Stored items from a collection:
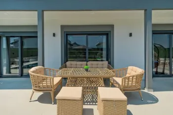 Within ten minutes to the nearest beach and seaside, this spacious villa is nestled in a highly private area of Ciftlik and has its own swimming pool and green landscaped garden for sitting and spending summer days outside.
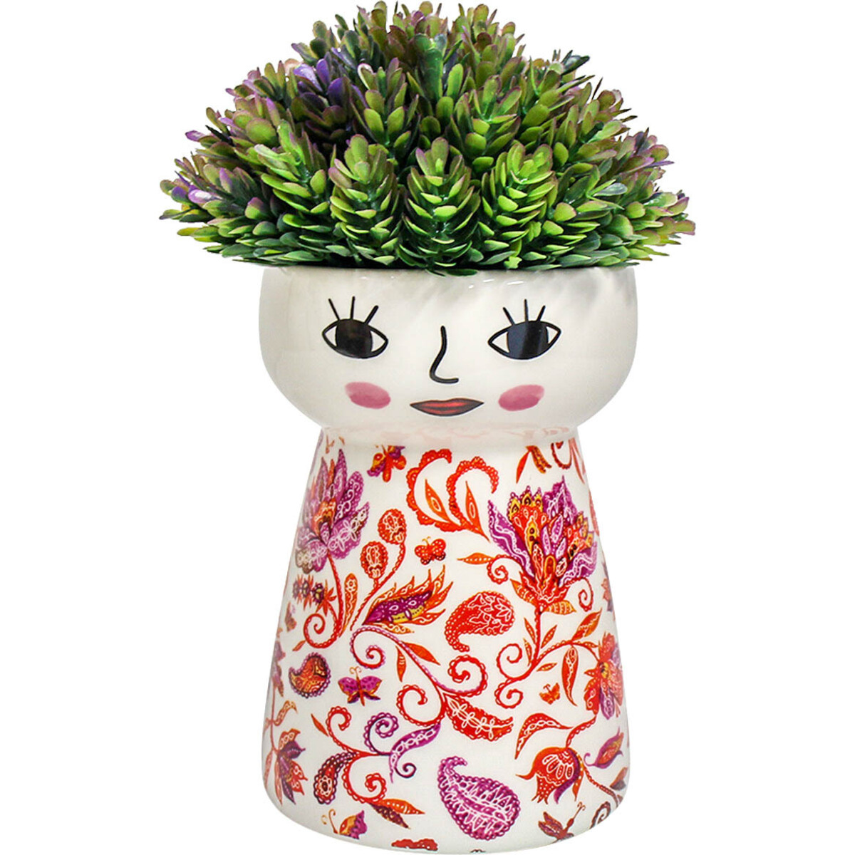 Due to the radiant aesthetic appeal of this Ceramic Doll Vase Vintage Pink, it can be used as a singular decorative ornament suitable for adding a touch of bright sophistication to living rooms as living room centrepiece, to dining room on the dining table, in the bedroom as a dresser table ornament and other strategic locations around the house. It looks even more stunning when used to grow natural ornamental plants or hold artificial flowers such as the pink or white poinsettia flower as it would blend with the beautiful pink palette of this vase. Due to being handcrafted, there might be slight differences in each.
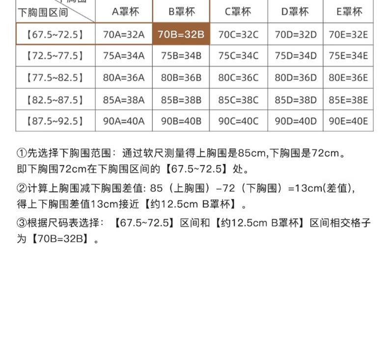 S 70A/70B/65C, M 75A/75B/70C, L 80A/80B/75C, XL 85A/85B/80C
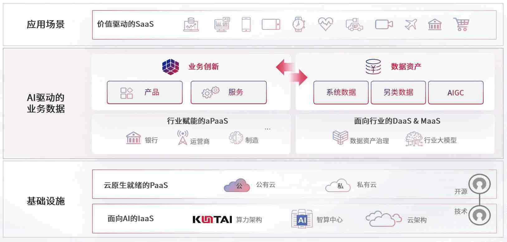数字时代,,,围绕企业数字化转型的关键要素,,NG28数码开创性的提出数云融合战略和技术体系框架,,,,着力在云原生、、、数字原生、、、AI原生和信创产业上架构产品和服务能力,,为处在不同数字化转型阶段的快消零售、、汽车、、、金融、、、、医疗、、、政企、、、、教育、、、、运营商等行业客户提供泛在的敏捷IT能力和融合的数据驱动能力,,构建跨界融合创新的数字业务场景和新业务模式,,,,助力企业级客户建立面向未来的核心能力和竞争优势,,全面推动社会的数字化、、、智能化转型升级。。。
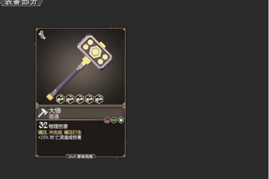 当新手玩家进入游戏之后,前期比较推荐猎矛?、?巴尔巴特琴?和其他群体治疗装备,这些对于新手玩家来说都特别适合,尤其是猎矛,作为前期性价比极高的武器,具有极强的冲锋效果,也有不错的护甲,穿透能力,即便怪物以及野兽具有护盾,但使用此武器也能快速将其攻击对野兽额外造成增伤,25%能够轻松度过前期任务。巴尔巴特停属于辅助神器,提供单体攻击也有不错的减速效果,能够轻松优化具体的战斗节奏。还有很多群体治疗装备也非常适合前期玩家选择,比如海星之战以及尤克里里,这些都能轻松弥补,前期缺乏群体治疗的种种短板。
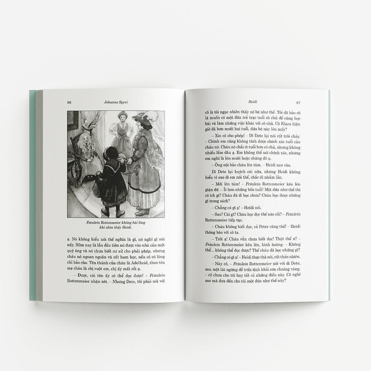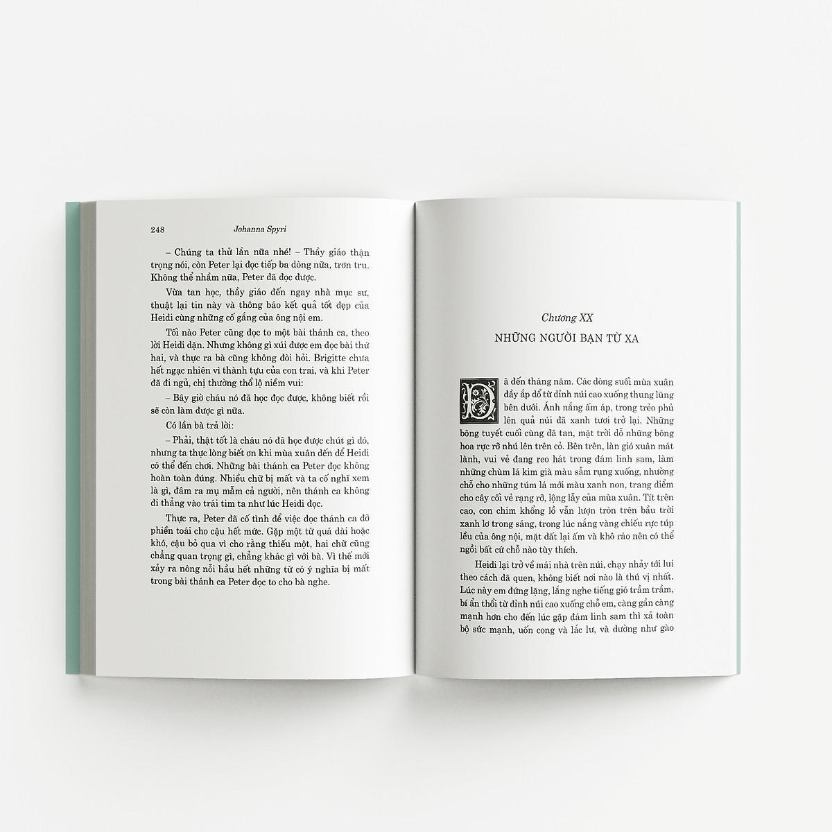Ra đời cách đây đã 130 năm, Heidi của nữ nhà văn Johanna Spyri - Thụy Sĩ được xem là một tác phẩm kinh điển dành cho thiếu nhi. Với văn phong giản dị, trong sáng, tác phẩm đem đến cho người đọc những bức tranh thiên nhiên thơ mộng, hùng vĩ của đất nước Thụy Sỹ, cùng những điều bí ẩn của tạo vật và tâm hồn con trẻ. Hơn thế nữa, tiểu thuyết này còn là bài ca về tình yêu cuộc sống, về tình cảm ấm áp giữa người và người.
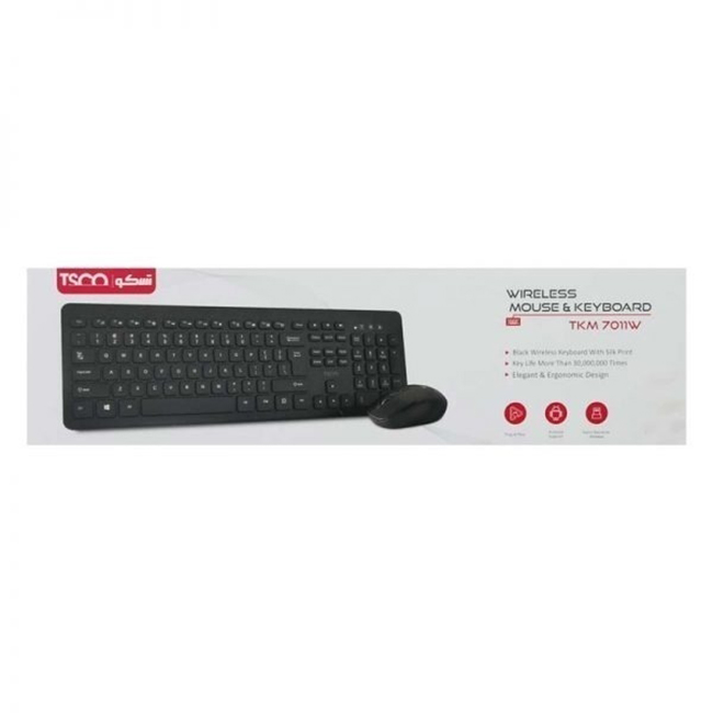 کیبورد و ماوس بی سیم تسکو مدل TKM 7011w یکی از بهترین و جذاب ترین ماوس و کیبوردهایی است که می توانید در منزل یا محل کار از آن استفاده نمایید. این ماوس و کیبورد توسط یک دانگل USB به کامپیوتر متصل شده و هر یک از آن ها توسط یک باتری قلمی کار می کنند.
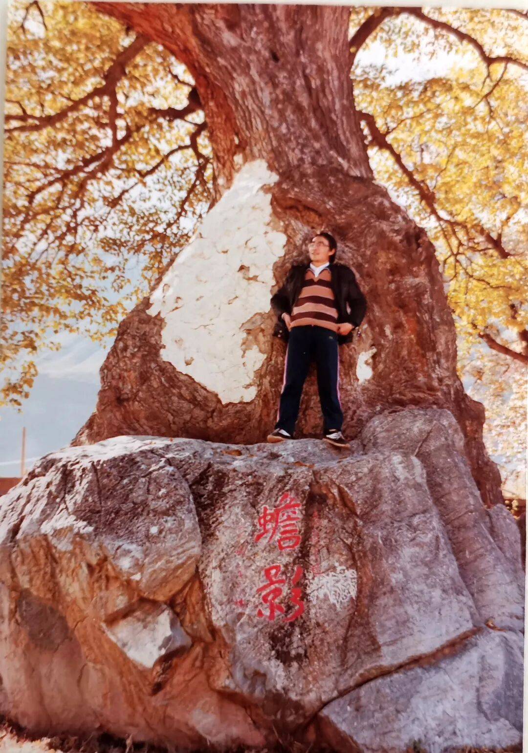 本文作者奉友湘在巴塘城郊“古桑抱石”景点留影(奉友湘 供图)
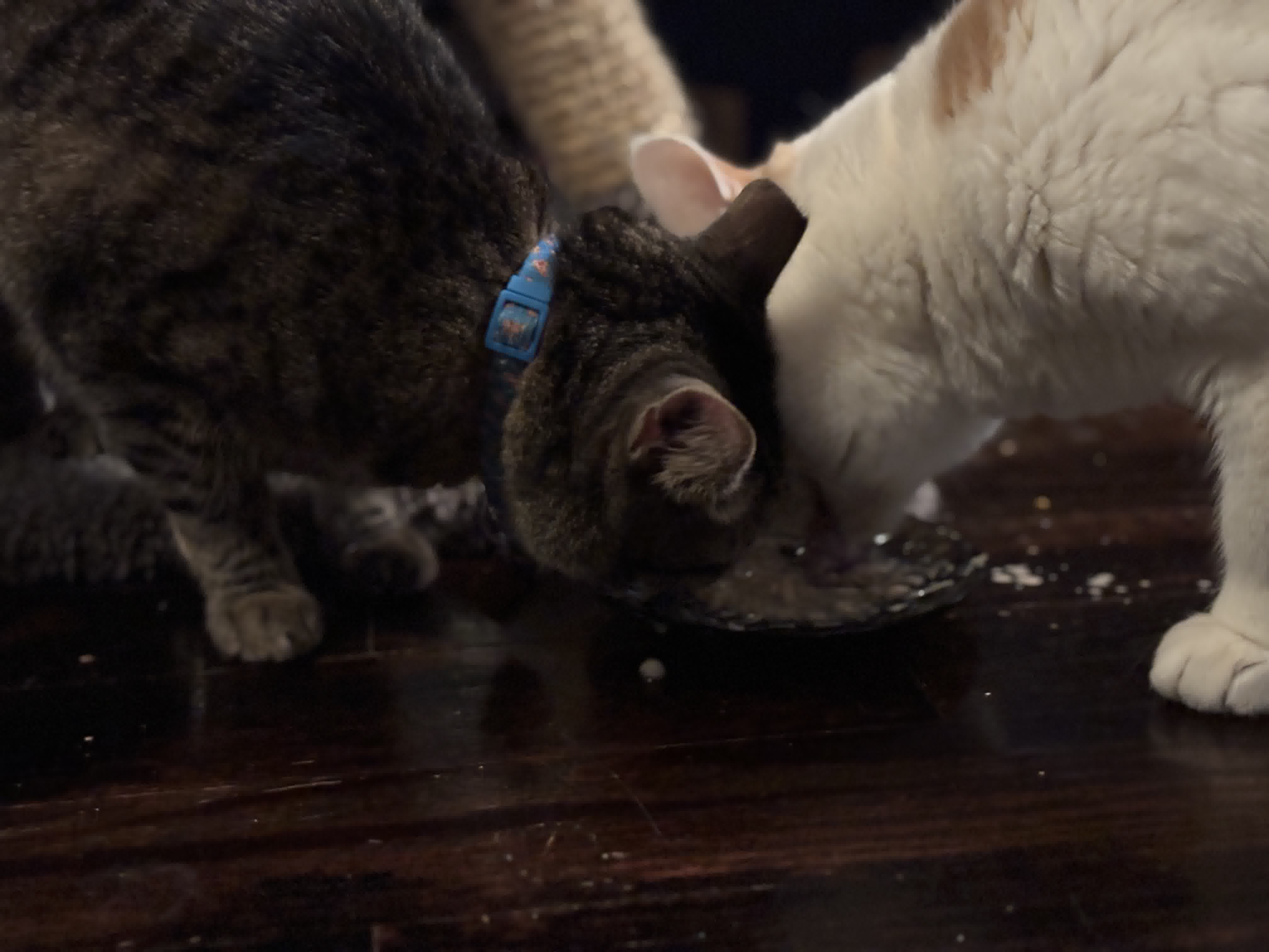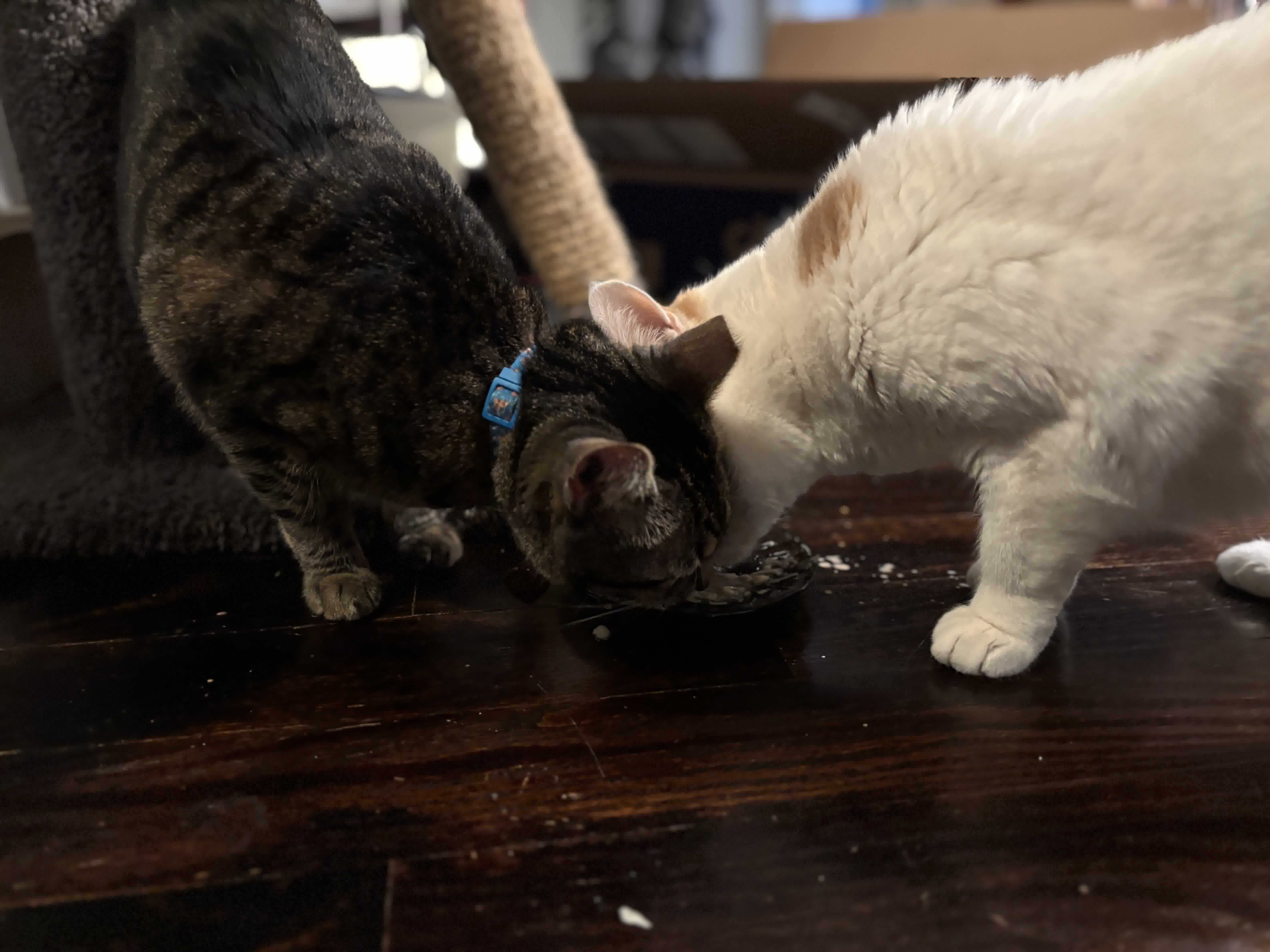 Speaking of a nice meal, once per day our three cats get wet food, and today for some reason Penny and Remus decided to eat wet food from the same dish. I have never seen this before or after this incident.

AIM OF THE EXERCISE. A faithful copy of the records above is needed, with the pictures left out.

SOLVED PROBLEM.
 Within ten minutes to the nearest beach and seaside, this spacious villa is nestled in a highly private area of Ciftlik and has its own swimming pool and green landscaped garden for sitting and spending summer days outside.
 Due to the radiant aesthetic appeal of this Ceramic Doll Vase Vintage Pink, it can be used as a singular decorative ornament suitable for adding a touch of bright sophistication to living rooms as living room centrepiece, to dining room on the dining table, in the bedroom as a dresser table ornament and other strategic locations around the house. It looks even more stunning when used to grow natural ornamental plants or hold artificial flowers such as the pink or white poinsettia flower as it would blend with the beautiful pink palette of this vase. Due to being handcrafted, there might be slight differences in each.
 S 70A/70B/65C, M 75A/75B/70C, L 80A/80B/75C, XL 85A/85B/80C
数字时代,,,围绕企业数字化转型的关键要素,,NG28数码开创性的提出数云融合战略和技术体系框架,,,,着力在云原生、、、数字原生、、、AI原生和信创产业上架构产品和服务能力,,为处在不同数字化转型阶段的快消零售、、汽车、、、金融、、、、医疗、、、政企、、、、教育、、、、运营商等行业客户提供泛在的敏捷IT能力和融合的数据驱动能力,,构建跨界融合创新的数字业务场景和新业务模式,,,,助力企业级客户建立面向未来的核心能力和竞争优势,,全面推动社会的数字化、、、智能化转型升级。。。
 当新手玩家进入游戏之后,前期比较推荐猎矛?、?巴尔巴特琴?和其他群体治疗装备,这些对于新手玩家来说都特别适合,尤其是猎矛,作为前期性价比极高的武器,具有极强的冲锋效果,也有不错的护甲,穿透能力,即便怪物以及野兽具有护盾,但使用此武器也能快速将其攻击对野兽额外造成增伤,25%能够轻松度过前期任务。巴尔巴特停属于辅助神器,提供单体攻击也有不错的减速效果,能够轻松优化具体的战斗节奏。还有很多群体治疗装备也非常适合前期玩家选择,比如海星之战以及尤克里里,这些都能轻松弥补,前期缺乏群体治疗的种种短板。
Ra đời cách đây đã 130 năm, Heidi của nữ nhà văn Johanna Spyri - Thụy Sĩ được xem là một tác phẩm kinh điển dành cho thiếu nhi. Với văn phong giản dị, trong sáng, tác phẩm đem đến cho người đọc những bức tranh thiên nhiên thơ mộng, hùng vĩ của đất nước Thụy Sỹ, cùng những điều bí ẩn của tạo vật và tâm hồn con trẻ. Hơn thế nữa, tiểu thuyết này còn là bài ca về tình yêu cuộc sống, về tình cảm ấm áp giữa người và người.
 کیبورد و ماوس بی سیم تسکو مدل TKM 7011w یکی از بهترین و جذاب ترین ماوس و کیبوردهایی است که می توانید در منزل یا محل کار از آن استفاده نمایید. این ماوس و کیبورد توسط یک دانگل USB به کامپیوتر متصل شده و هر یک از آن ها توسط یک باتری قلمی کار می کنند.
 本文作者奉友湘在巴塘城郊“古桑抱石”景点留影(奉友湘 供图)
 Speaking of a nice meal, once per day our three cats get wet food, and today for some reason Penny and Remus decided to eat wet food from the same dish. I have never seen this before or after this incident.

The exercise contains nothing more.